アインの遠征
エドナが生まれるまで、ブレイク領の騎士は空白のままだった。
それはここの掟である『2人を競い合わせて』が行えないから故に。
第二王妃との間にエドナが生まれたことでようやく騎士選抜が開催される事が決定したが
それでも未だ幼いエドナがその責を担えるようになるまでは領主ブレイクが騎士を兼任し
騎士見習いとしてアインが他国を見て回っていた。
エドナの齢が10を越えた頃、外遊に行くアインに対し
「お兄様、外でもきちんと笑顔をお見せになって下さい。
私はお兄様が他国の方とも交流が出来るのか心配ですわ」
「結構失礼なことを言っていると思うがな」
そんなやりとりをしていたのだという。
騎士の座を争い合う使命を持つ兄妹。
仲睦まじく冗談を言い合える兄弟仲を見て、周囲からは哀れみの声も出ていたのだとか。
『2人で騎士をになっても良いのではないか』
そんな声もあったが領主は異論を認めなかった。
『どちらかを騎士にする』
それは耳に胼胝が出来るほどに繰り返されてきた言葉で
アイン自身はそれは覆すことの出来ないもので
騎士を継いでこの国を守っていくのはエドナだろうとも思っていたのだという。
本当は外遊に行くのも、自分ではなくエドナの方が適任ではないか
社交性が秀でた彼女の方が、きっとブレイク領にとって有益なものをもたらす事が出来るとそう感じていた。

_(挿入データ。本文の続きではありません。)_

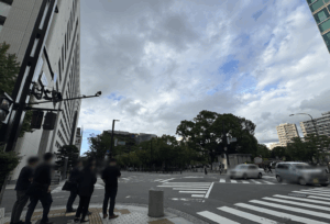 これまたいつもの天神中央公園へ渡る前のスクランブル交差点。⬇︎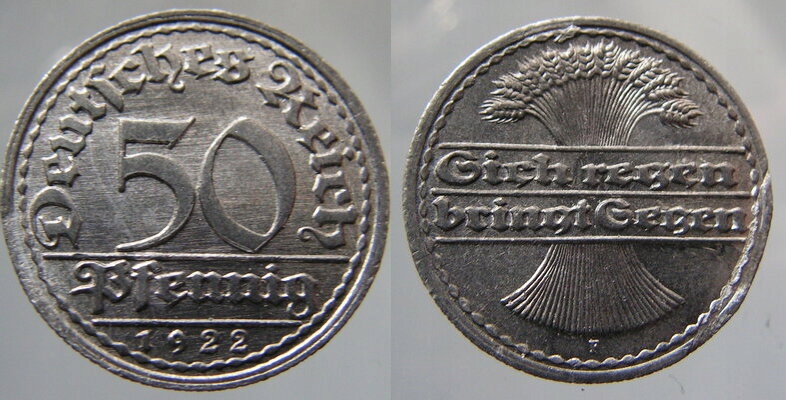8359. НІМЕЧЧИНА, 50 ПФЕНІГІВ, 1922 F. ST 1-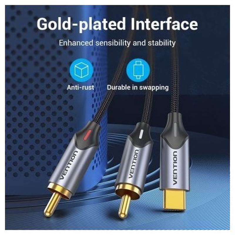CONVERSOR 2xRCA/M A USB-C/M 2 M GRIS VENTION (Espera 4 dias)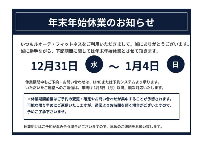 「来年こそ体を変えたい」「運動を始めたい」とお考えの方は、この機会にぜひ一度お問い合わせください。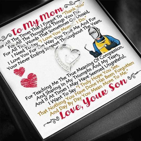 Mom Necklace, Welder Son Gift For Mom Forever Love Necklace Thank You For Everything
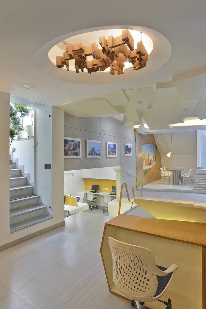 办公区域的设计:设计师在设计的时候,将其安置在错落有致的地下空间,在设计师看来这样的设计可以将空间很好的进行区分,在此处给人以柳暗花明又一村的感觉,让人凭空产生别有洞天之感,忍不住想要观赏整个空间,激发客户强大的好奇心,在好奇心的引导之下逐渐去了解企业的一草一木。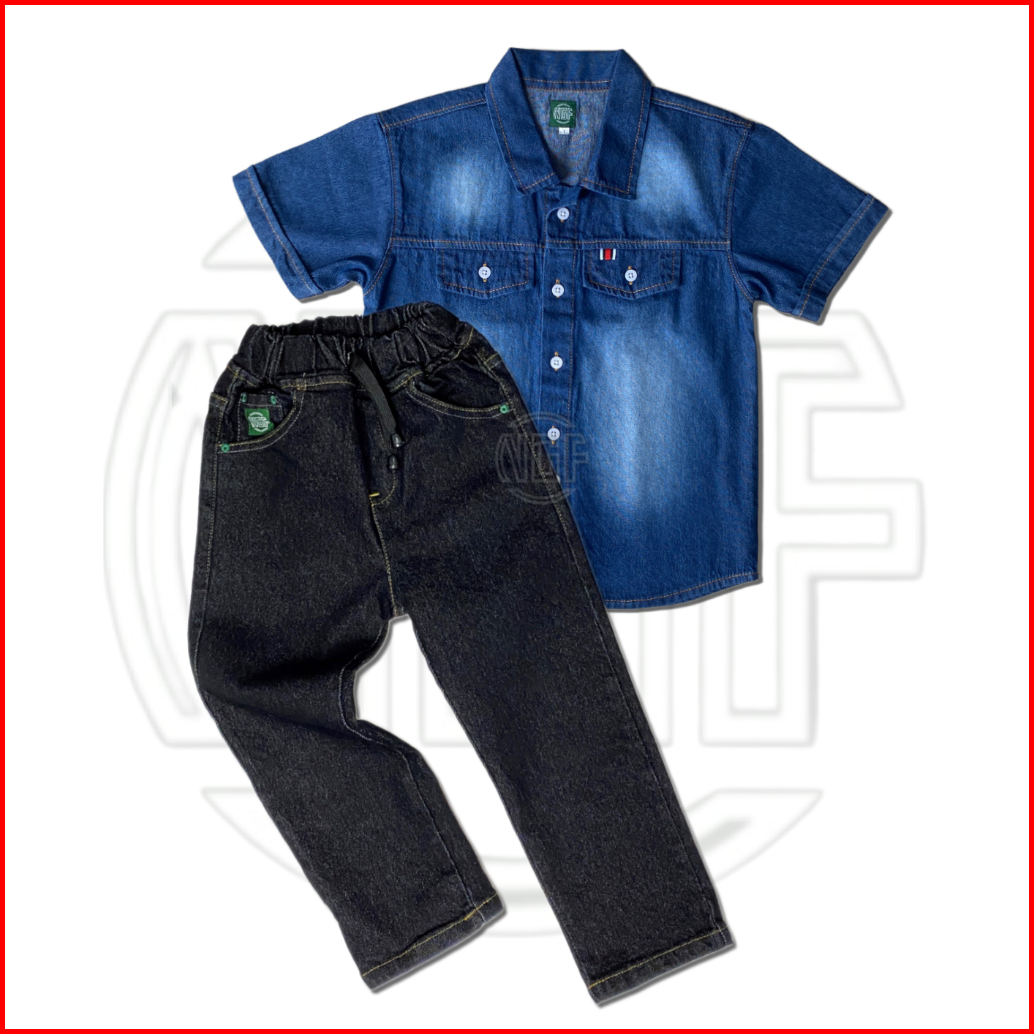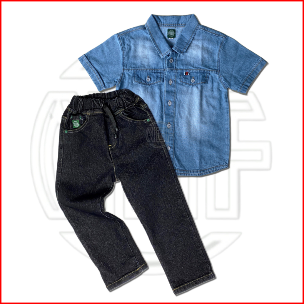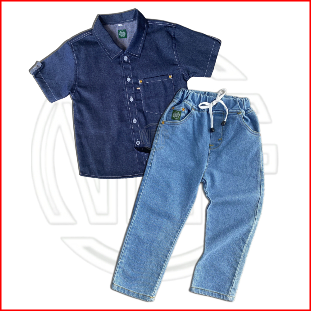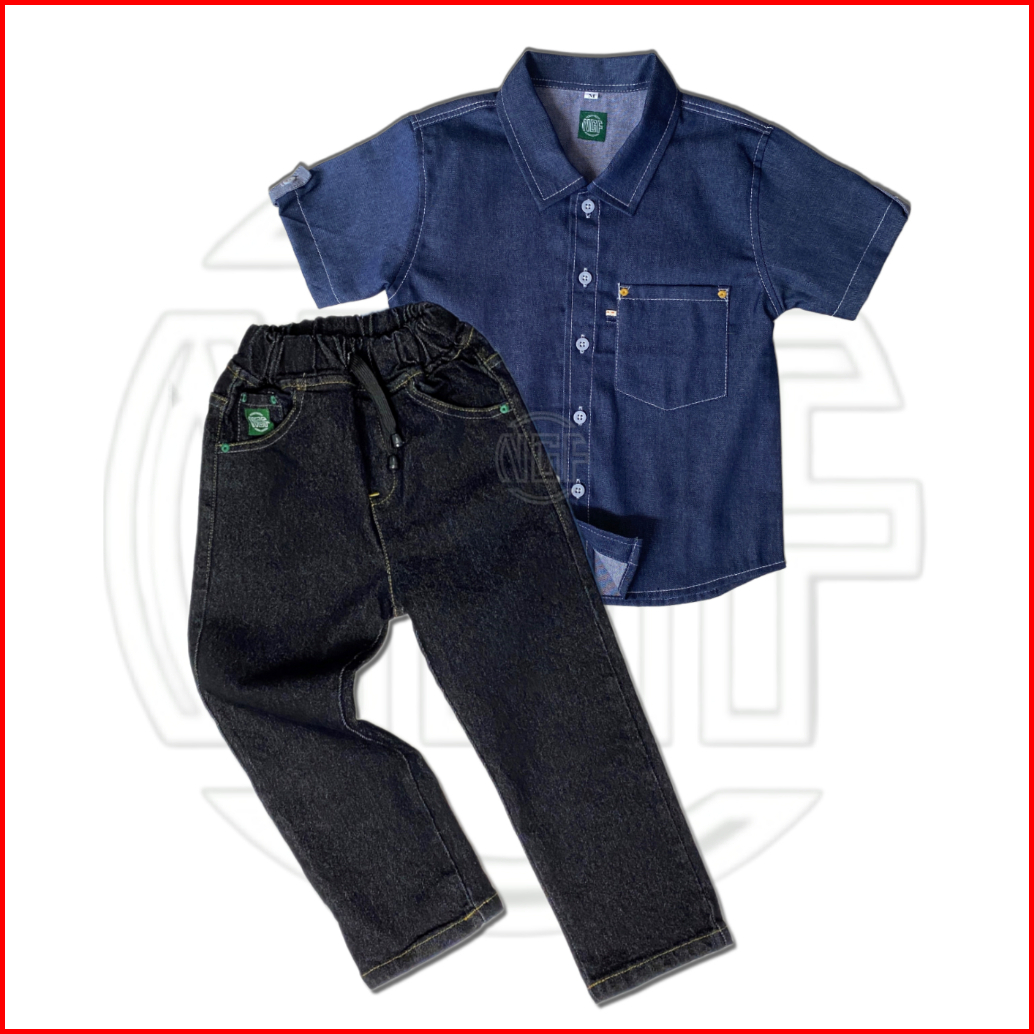 Setelan Anak Kemeja Jeans Celana Denim Stretch Adem Laki Laki 4-12 Tahun Premium M L Xl Xxl

事件が起きたのは、エドナが16、アインが32の年を迎えた時だった。
ブレイク領から、同じドラゴン族のヴァールハイト領へ騎士団の訓練の為に遠征に行くことになった。
そうして、アインは数十名の騎士団員を引き連れて旅路に出たのだ。
4日かけて歩き通しの旅路を経て全員がヴァールハイト領内へ足を踏み入れ、
互いの騎士団員同士で手合わせをし、お互いの改善点を話し合っていた。
そうして数日が過ぎ、ブレイク領へ戻る日が来た朝
宿屋の一室で目を覚ましたアインは、普段通り水を1杯貰いに部屋を出た。
普段であれば早朝でも厨房に人が入り、少しの雑音は聞こえていたのに
この日は、何の物音もしなかった。
誰の気配もなかったのだ。
不思議に思いながらも、厨房の中を覗いてみるがやはり誰も見当たらない。
「誰もいないのか?」
厨房のみでなく宿屋全体に響くように声を張る
けれども、宿屋の主人どころか騎士団員も姿を現さない。
流石に不信感を募らせたアインはそっと窓から外の景色を伺った。
そして、目の前に広がる景色に驚きを隠せなかった。
青い空の下、山積みになった人々は目を開き虚空を見つめていたのだ。
見知った顔が多数、並んでいた。